Problem
Write out the lines of the material below exactly, beginning at the line with "Apart from faster" and stopping after the line with "TMS2500 hand terminal", and leave out the pictures.

Input data

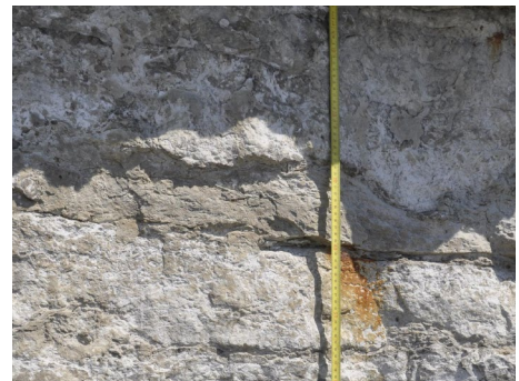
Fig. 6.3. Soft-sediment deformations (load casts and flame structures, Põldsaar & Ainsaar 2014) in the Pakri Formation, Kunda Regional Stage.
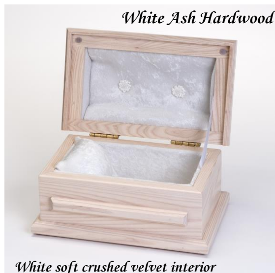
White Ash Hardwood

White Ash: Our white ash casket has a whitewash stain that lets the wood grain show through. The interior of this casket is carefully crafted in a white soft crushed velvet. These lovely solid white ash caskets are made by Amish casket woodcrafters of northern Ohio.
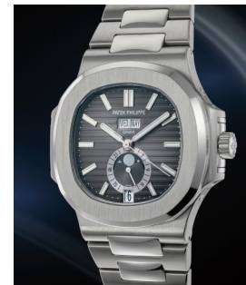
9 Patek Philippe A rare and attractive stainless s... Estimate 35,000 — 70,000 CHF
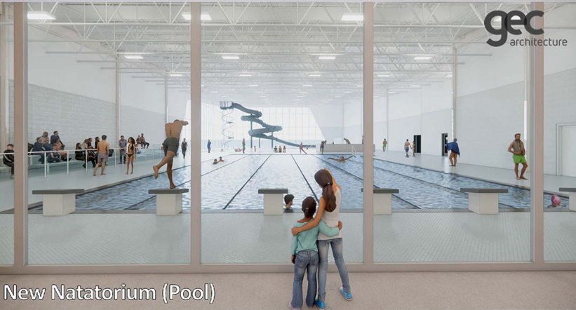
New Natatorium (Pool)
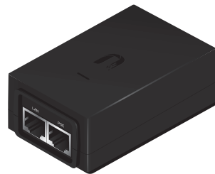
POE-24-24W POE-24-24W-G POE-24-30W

...

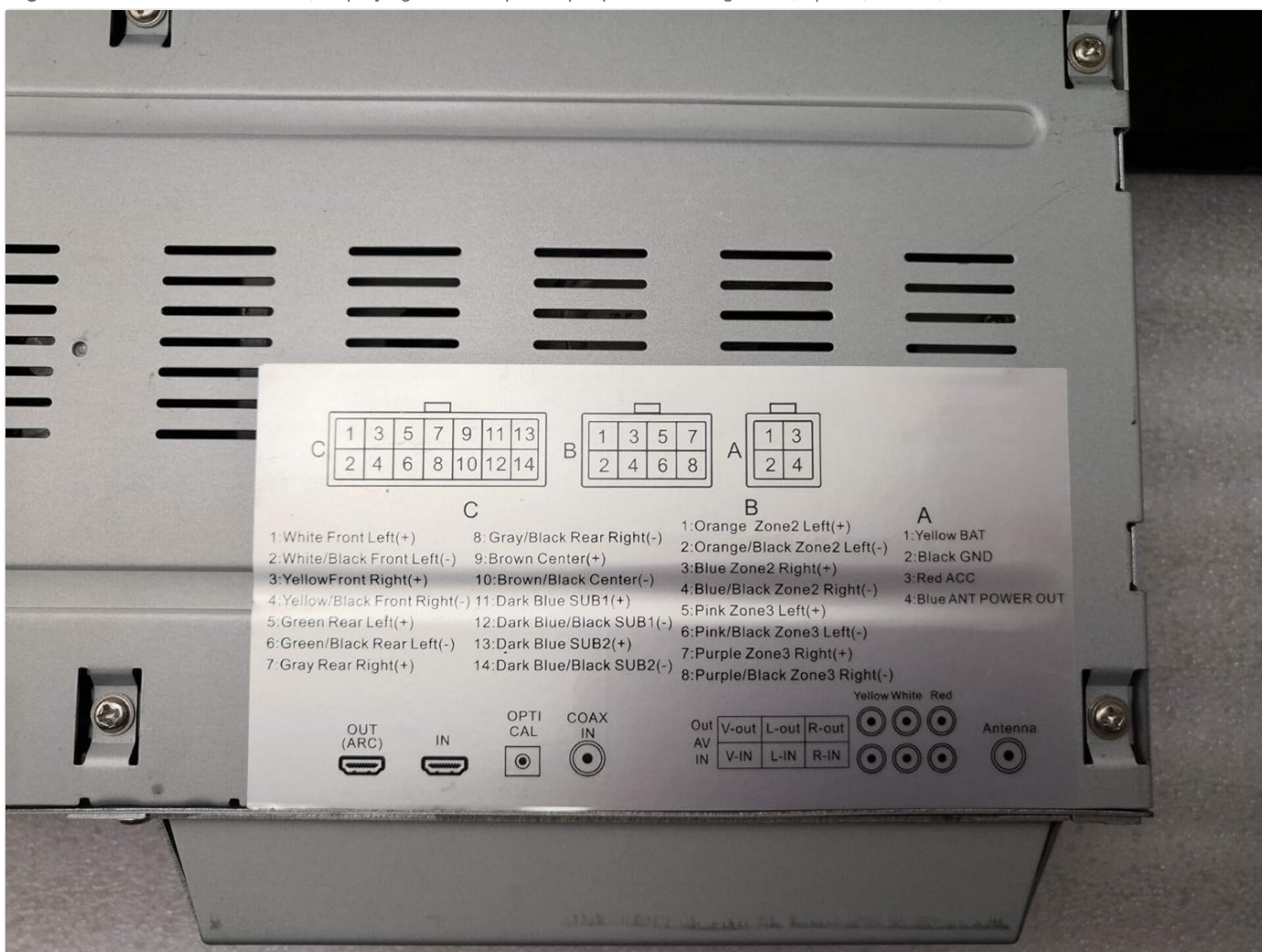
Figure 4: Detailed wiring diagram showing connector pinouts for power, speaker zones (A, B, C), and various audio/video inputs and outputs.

---

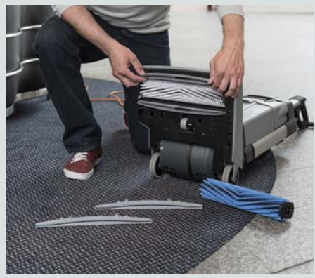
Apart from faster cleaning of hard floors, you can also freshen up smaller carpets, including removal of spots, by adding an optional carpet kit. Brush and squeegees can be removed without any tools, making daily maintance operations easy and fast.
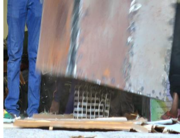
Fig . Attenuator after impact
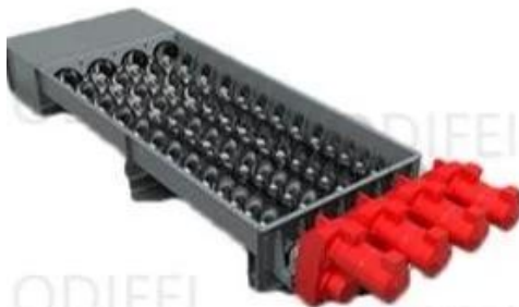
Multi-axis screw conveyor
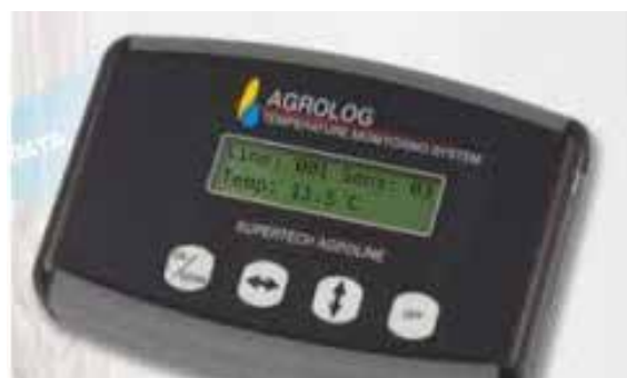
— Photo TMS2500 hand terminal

Solution for this task
Apart from faster cleaning of hard floors, you can also freshen up smaller carpets, including removal of spots, by adding an optional carpet kit. Brush and squeegees can be removed without any tools, making daily maintance operations easy and fast.
Fig . Attenuator after impact
Multi-axis screw conveyor
— Photo TMS2500 hand terminal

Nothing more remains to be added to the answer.